Clippy has googly eyes, so when it doesn’t understand what I want and blocks me from continuing my task, I think it’s an earnest obstructionist idiot. My computer does not have googly eyes so I don’t get angry at it because I don’t feel it is a person. Also, when it doesn’t understand what I want it’s not designed to block me from trying things,
I’m not convinced. When web sites throw up interstitial or pop-over ads that block me from doing what I’m trying to do, I think I respond to them as if an agent is deliberately interfering with my plans; even if those interfering ads do not have facial features or expressions.

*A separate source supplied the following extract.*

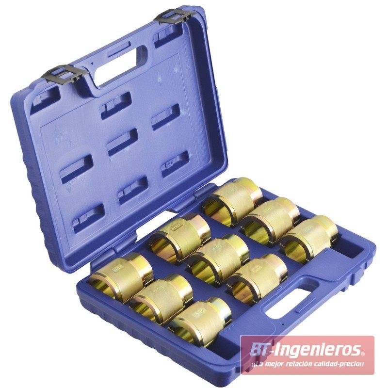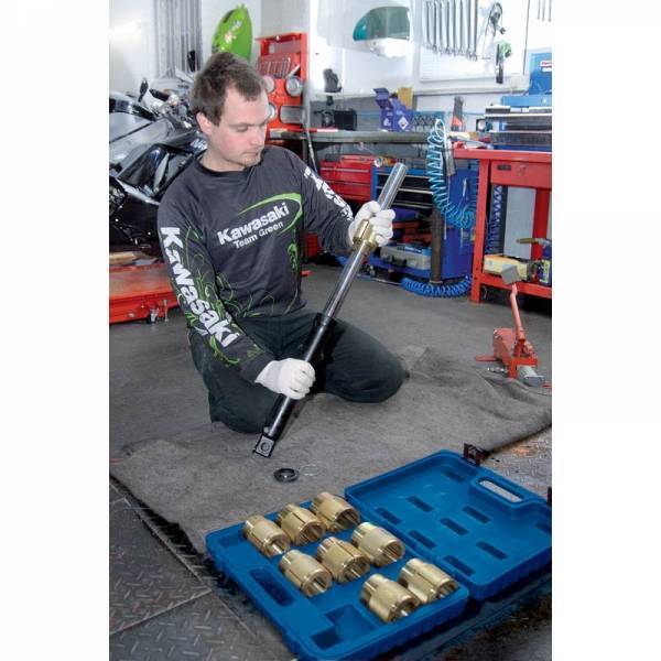 Extractor compuesto por 9 instaladores con medidas de 35 a 54 mm. En un solo maletín dispone de un servicio para cualquier medida de horquillas convencionales o invertidas.
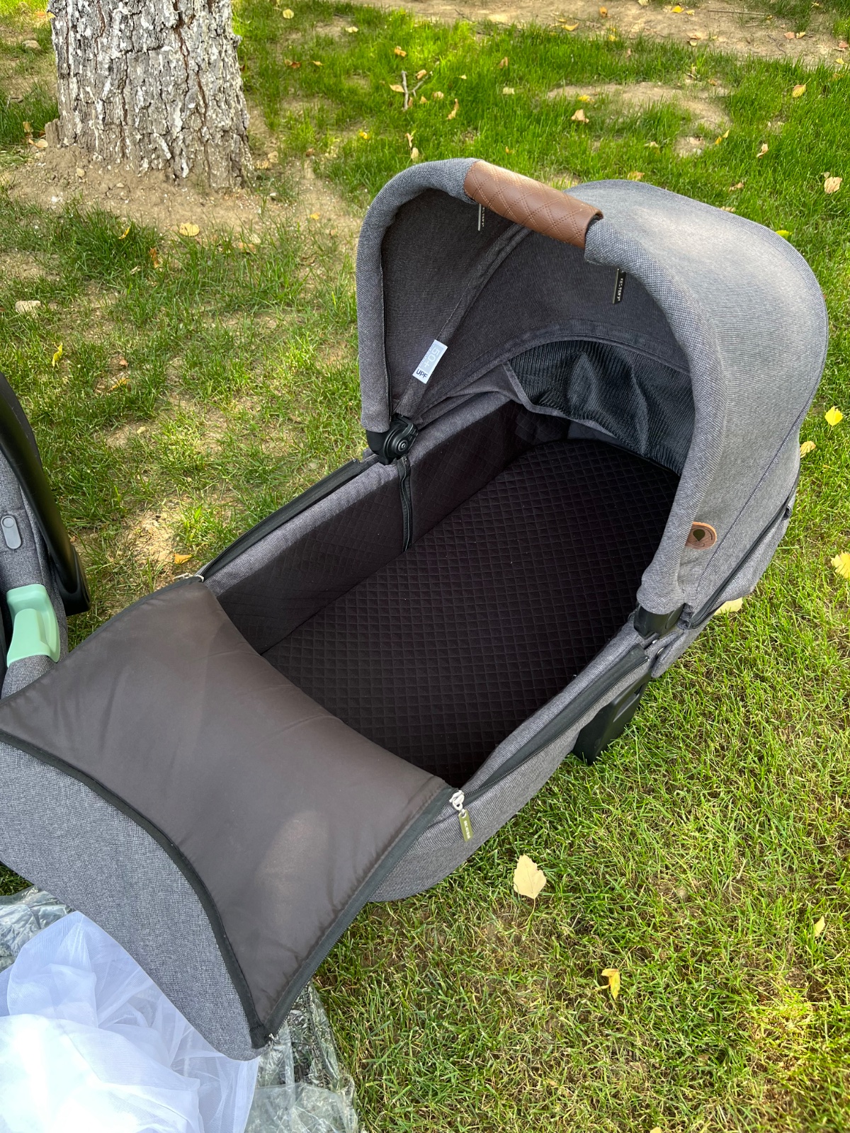 Kočík je vo veľmi dobrom stave, kupovaný v roku 2021, po dvoch deťoch, nič nevŕzga, keďže konštrukcia je kovová a fakt pevná. Prejde akýkoľvek terén, má nafukovacie kolieska, je odpružený. Predávam spolu so slnečníkom, pláštenkou do dažďa, sieťkou proti hmyzu, držiakom na nápoje a nánožníkom. Vanička je priestranná, bábätko v nej vydrží dlho. Športová časť otočná v oboch smeroch, polohovanie do sedu, poloľahu a úplne ležmo. Vajíčko nebolo takmer vôbec využívané. Má bežné znaky používania - škrabance na konštrukcii. Madlá sú kožené, nepopraskané.

But that may be because I recognize that some programmer or web designer has chosen to put those obstacles in my way; I curse the human agent responsible, not the pop-up itself. To distinguish the two cases, we’d need to find out whether people without extensive programming or systems experience do feel more irritated at modal pop-ups with facial features, than at modal pop-ups that do not have facial features.
Umm… English, please?
Clippy has googly eyes, so when it doesn’t understand what I want and blocks me from continuing my task, I think it’s an earnest obstructionist idiot. My computer does not have googly eyes so I don’t get angry at it because I don’t feel it is a person. Also, when it doesn’t understand what I want it’s not designed to block me from trying things,
I’m not convinced. When web sites throw up interstitial or pop-over ads that block me from doing what I’m trying to do, I think I respond to them as if an agent is deliberately interfering with my plans; even if those interfering ads do not have facial features or expressions.

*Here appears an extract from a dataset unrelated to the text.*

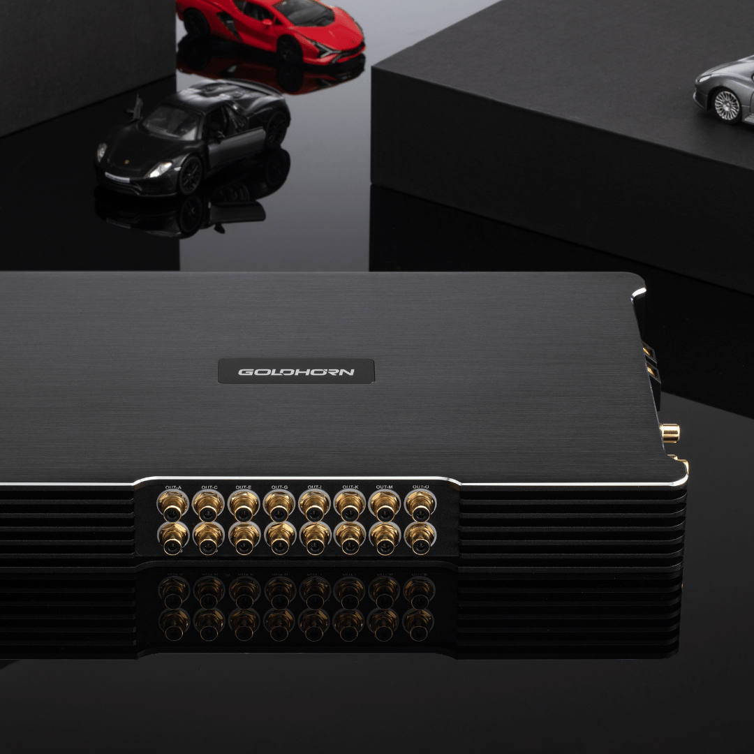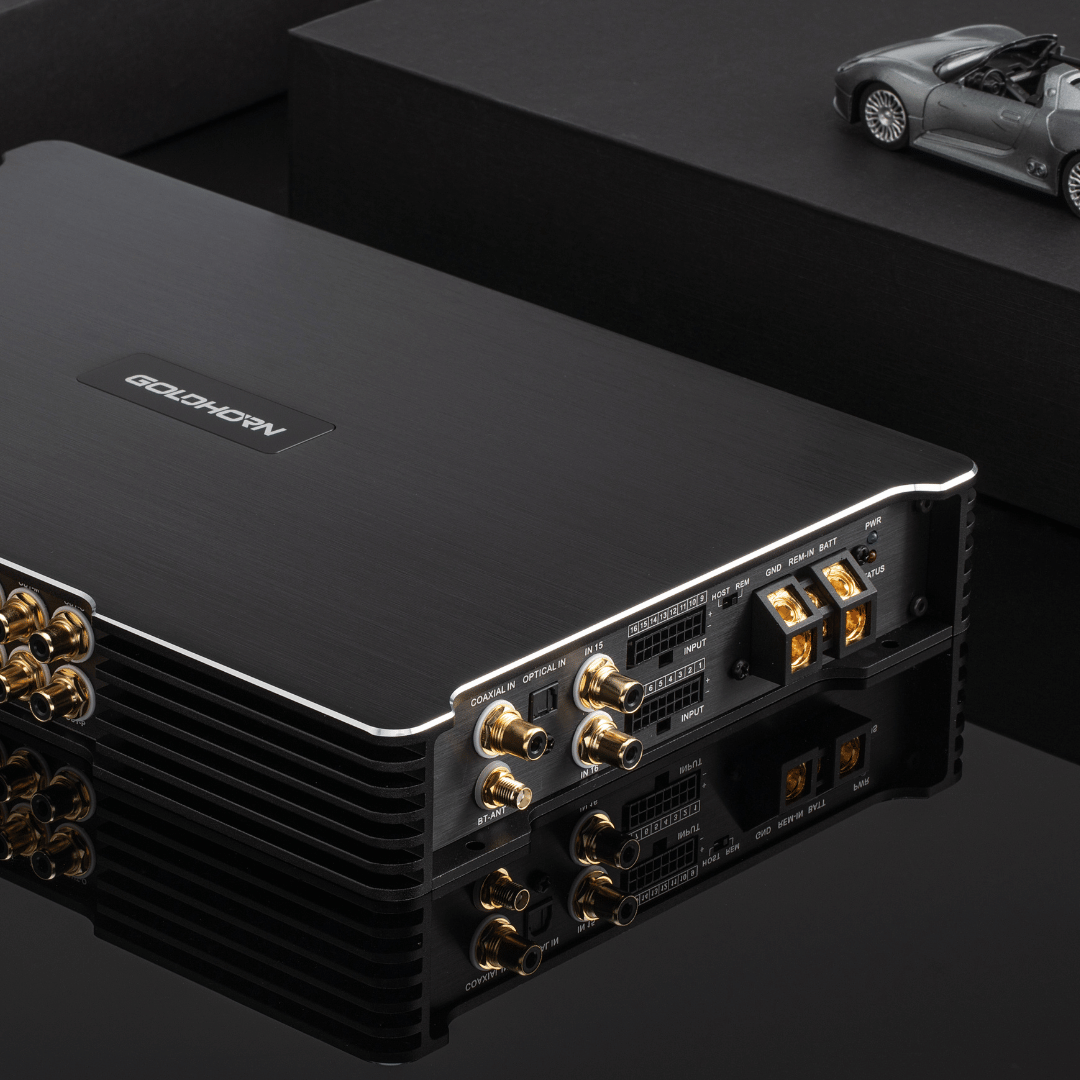 Le GOLDHORN DSPA 1216 Plus est un amplificateur DSP avancé conçu pour les installations audio automobiles haut de gamme. Avec 12 canaux amplifiés, 24 sorties DSP et 2 sorties BLT pontées jusqu’à 200W, ce système est conçu pour piloter un système HiFi multicanal complet. Grâce à des fonctions telles que le Dynamic Loudness Control, la technologie SKYATOM Surround et un égaliseur 31 bandes, le DSPA 1216 Plus offre une expérience d’écoute impressionnante dans tout type de véhicule, de Mercedes à Volvo.

But that may be because I recognize that some programmer or web designer has chosen to put those obstacles in my way; I curse the human agent responsible, not the pop-up itself. To distinguish the two cases, we’d need to find out whether people without extensive programming or systems experience do feel more irritated at modal pop-ups with facial features, than at modal pop-ups that do not have facial features.
I think this is more of a reflection of computer literacy.
When my computer does something wrong, I assume its my fault. When my parent’s computers do something wrong, they complain at it. Pretty uselessly.
I guess Clippy just makes people who don’t normally over-anthropomorphize computers over-anthropomorphize enough to get annoyed.
Well, you often are not doing anything at all wrong when Clippy gets in your face. Its annoying because it reliably fails, until I disable it.
True. Not only does Clippy not do what you want it to, it gets in the way of your doing things until you deal with it, and shows up at bad times.